Repeat nothing but the line that contains "Скорее, мы бы" and the lines after it, through the end of the listing, exactly as they stand; omit pictures.

##### SOURCE DATA

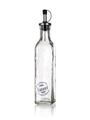 Láhev na olej 500 ml SWEET HOME, skleněná. objem: 500 ml Láhev na olej s dekorem SWEET HOME hranatého tvaru, vyrobená ze skla, je ideální pomocník do kuchyně.
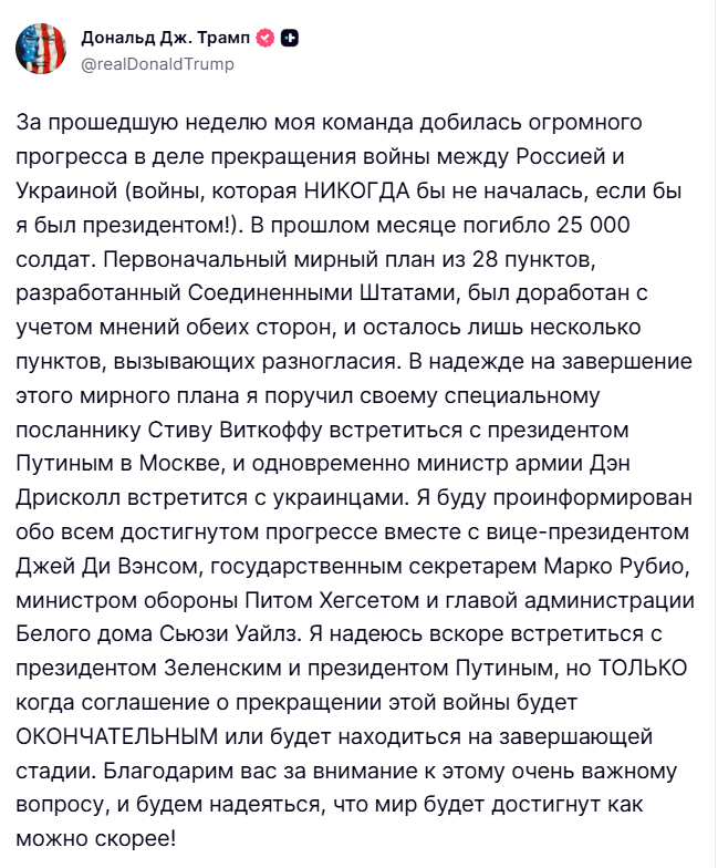 Скорее, мы бы увидели очередной раунд переговоров Умерова, Уиткоффа и прочих.
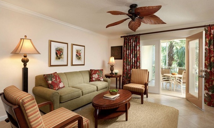 Your stay includes exceptional amenities designed for comfort and leisure. The villa features a full kitchen, allowing you to prepare delicious meals and celebrate together. Enjoy the convenience of a washer/dryer and free Wi-Fi to keep everyone connected. Unwind in the vast living area, or take advantage of resort amenities such as multiple swimming pools, tennis courts, and organized activities perfect for all ages. There are also onsite dining options where you can celebrate post-wedding with your nearest and dearest.

##########

- **SOLUTION TO THE EXERCISE**
 Скорее, мы бы увидели очередной раунд переговоров Умерова, Уиткоффа и прочих.
 Your stay includes exceptional amenities designed for comfort and leisure. The villa features a full kitchen, allowing you to prepare delicious meals and celebrate together. Enjoy the convenience of a washer/dryer and free Wi-Fi to keep everyone connected. Unwind in the vast living area, or take advantage of resort amenities such as multiple swimming pools, tennis courts, and organized activities perfect for all ages. There are also onsite dining options where you can celebrate post-wedding with your nearest and dearest.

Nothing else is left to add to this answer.